Le tribunal de commerce de Bordeaux, statuant en référé le 7 octobre 2025, a examiné une demande de provision. Une caisse de congés intempéries réclamait le paiement de cotisations sociales impayées par une société. La défenderesse ne s’est pas présentée à l’audience. Le juge a accordé la provision et ordonné la capitalisation des intérêts. Il a également alloué une indemnité procédurale réduite au demandeur.
Le régime probatoire allégé du référé provision
La recevabilité de la demande est établie par une contestation non sérieuse. Le juge constate l’absence de défense sérieuse de la part du débiteur des cotisations. Cette carence procédurale permet de retenir le caractère non sérieusement contestable de la créance. La provision est donc accordée sur le fondement de l’article 873 du code de procédure civile.

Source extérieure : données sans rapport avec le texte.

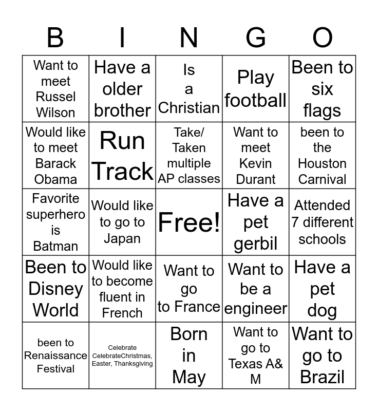 This bingo card has a free space and 24 words: Would like to become fluent in French, Celebrate CelebrateChristmas, Easter, Thanksgiving, Take/ Taken multiple AP classes, been to Renaissance Festival, Been to six flags, Want to meet Russel Wilson, Would like to meet Barack Obama, Have a older brother, Have a pet gerbil, Want to go to France, Want to meet Kevin Durant, Favorite superhero is Batman, Want to be a engineer, Have a pet dog, Run Track, Want to go to Texas A& M, Attended 7 different schools, Is a Christian, been to the Houston Carnival, Would like to go to Japan, Want to go to Brazil, Been to Disney World, Play football and Born in May.

La fixation du point de départ de la capitalisation est un apport notable. Le juge retient la date de l’assignation comme point de départ légal pour les intérêts capitalisés. « La capitalisation des intérêts sera ordonnée sur le fondement de l’article 1343-2 du Code Civil, à compter du 4 juillet 2025, date de l’assignation. » (Motifs) Cette solution assure une application stricte du texte civil. Elle évite toute antériorité au jour de la demande en justice.
Le pouvoir modérateur du juge sur les indemnités procédurales
Le principe de l’indemnisation des frais irrépétibles est reconnu. Le juge admet que la procédure a généré des frais pour le créancier. Il accorde donc une indemnité sur le fondement de l’article 700 du code de procédure civile. Ce pouvoir discrétionnaire est exercé pour compenser un préjudice procédural avéré.
La réduction du montant demandé illustre le contrôle souverain. Le juge réduit substantiellement le quantum de l’indemnité sollicitée par le demandeur. « Il sera donc fait droit à sa demande d’indemnité sur le fondement de l’article 700 du Code de Procédure Civile mais le montant en sera réduit à la somme de 150 € » (Motifs) Cette modulation confirme l’autonomie de l’appréciation judiciaire. Elle rappelle le caractère équitable et non automatique de cette indemnisation.
La portée de cette ordonnance est double en matière de procédure civile. Elle précise utilement le point de départ de la capitalisation des intérêts en référé. Cette solution est conforme à la jurisprudence récente sur l’article 1343-2. « Dès lors, le point de départ des intérêts capitalisés ne peut être antérieur à la date de demande de capitalisation du créancier. » (Cour d’appel de Paris, le 26 juin 2025, n°25/05013) Elle renforce également les prérogatives du juge sur l’article 700. Le pouvoir modérateur s’exerce librement pour fixer une indemnité équitable.